トークイベントの後半は、「LEXUS DESIGN AWARD 2017」のグランプリ受賞者である吉添裕人氏を交え、藤本氏とのパネルディスカッションも行われた。

イベントが始まると、まずは藤本氏が登場。簡単な自己紹介に続き、これまで藤本氏が手がけてきた作品をスクリーンに写しながら解説を行った。藤本氏は「建築家という仕事は必ずクライアントがいて、自分ではどうしようもないことが起こる職業」と言う。さらに、そのさまざまなことに「巻き込まれることを楽しみながら働くのが大事」と持論を語った。

来場者に何枚かのCG画像が紹介された。これは中東のとある国に依頼された、巨大なショッピングモールの完成予定図。無数のアーチ状の構造物が重なり合っているデザインが特徴敵な建物だ。藤本氏は「中東の彼らが昔から持っているアーチのデザインをリスペクトしつつ、現地の気候や日差しを考えて設計した」とコンセプトを解説。このデザインはクライアントからも好評だったようだが、あるとき突然計画が中止されたそうだ。藤本氏は中止になった理由について、「王様の気分が変わったから。これでは仕方がないね」と、巻き込まれたことを楽しむかのように笑顔で感想を述べていた。

続いては実際に完成した建築物の写真が映し出された。公園のような広い広場の真ん中に、透明なガラスに囲まれたトイレがぽつんとひとつだけ建っている。これは千葉の小湊鉄道の飯給駅(いたぶ)にあり、いまでも存在する公衆トイレ。周囲に高い壁があるため周囲の公道からは見えないが、中に入ると開放感がある。「昔からずっとトイレを作ってみたかった」と語る藤本氏は、この仕事を依頼されたときに快諾したそうだ。そしていまも、藤本氏は小湊鉄道と組んで新たなトイレを3つほど計画中。このプロジェクトもまた、「巻き込まれた案件」と解説した。

さらに現在、南フランスで建設中の集合住宅なども解説。この地域の人々はバルコニーで過ごす時間を大切にするため、各戸に巨大なバルコニーを設けるようにデザインされた。藤本氏は海外の建物を依頼されたときは、その現地にあるものや人の生活、歴史をリスペクトしながら設計することの重要性を解説。来夏の完成に向けて、現在建設中のプロジェクトとのこと。

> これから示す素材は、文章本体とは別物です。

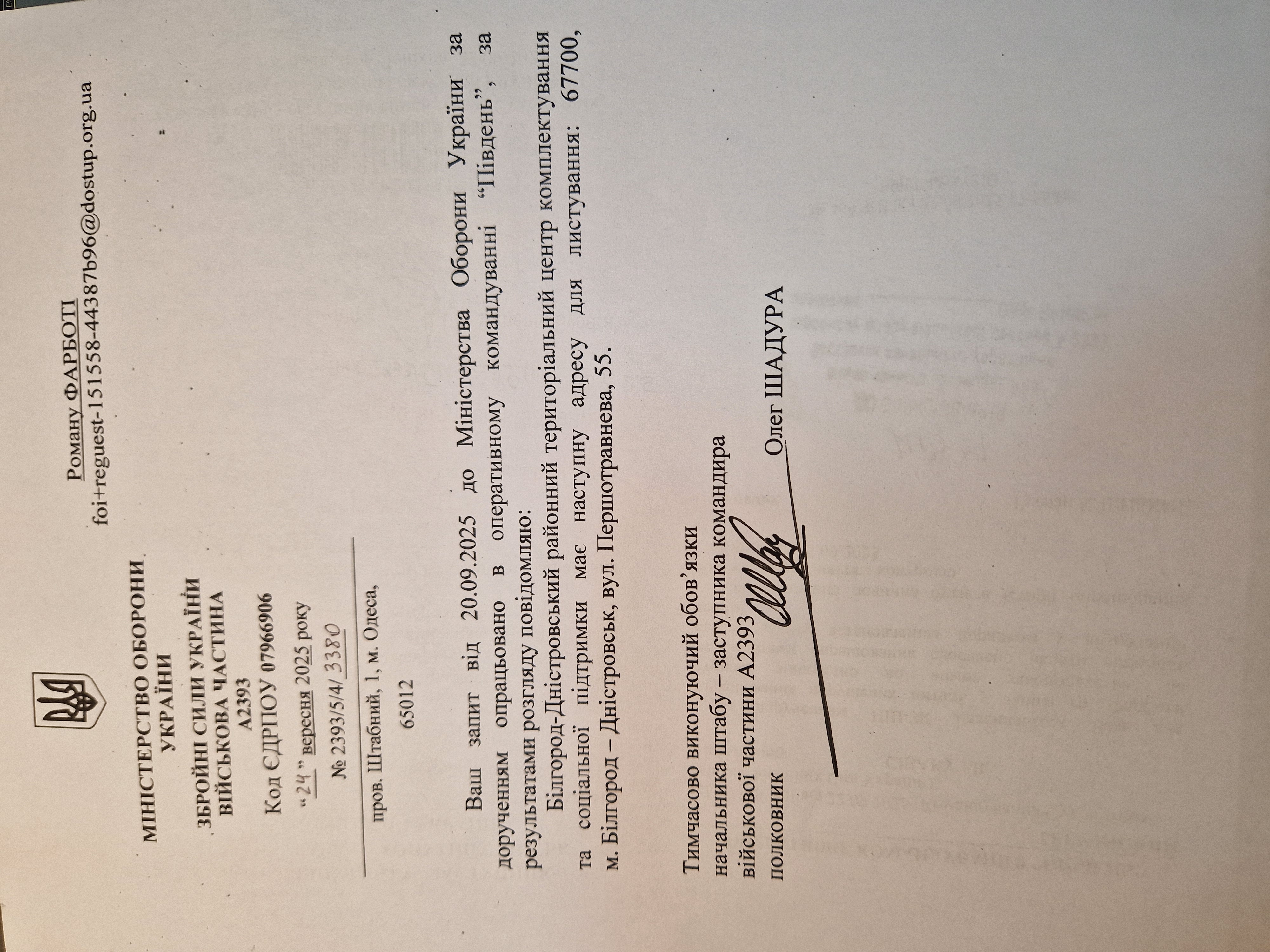 - Юридичну адресу та адресу для листування з Білгород-Дністровським районним територіальним центром комплектації та соціальної підтримки в Одеській області оскільки при пошуку за допомогою пошукових систем видаються адреси, які різняться між собою.
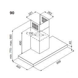 KÍCH THƯỚC LẮP ĐẶT SẢN PHẨM CỦA MÁY HÚT MÙI FAGOR 3CFS – 9032X:

トークイベントの後半は、「LEXUS DESIGN AWARD 2016」でパネル受賞、そして2017でグランプリ受賞を果たした吉添裕人氏がステージに加わり、藤本氏とのパネルディスカッションが行われた。吉添氏はデザイナーの大先輩である藤本氏を前に、緊張した表情で自身の作品を紹介。2017年でグランプリを受賞した作品は、「く」の字型をしたパーツを積み重ねて作る構造体。中空のパーツは、反対側の光が微妙に差し込むように作られており、ときには壁になるし、ときにはスクリーンにもなるおもしろい作品だ。
これを見た藤本氏は、「テーマに囚われすぎていないのがいいと思う。テーマとクリエイションの理想的な関係を保っている」と賞賛した。

トークイベントの最後に藤本氏は、「メンターとして関わらせていただくLEXUS DESIGN AWARD 2018の募集はすでに始まっています。どのような作品が来るのか楽しみ」と期待で胸を膨らませていた。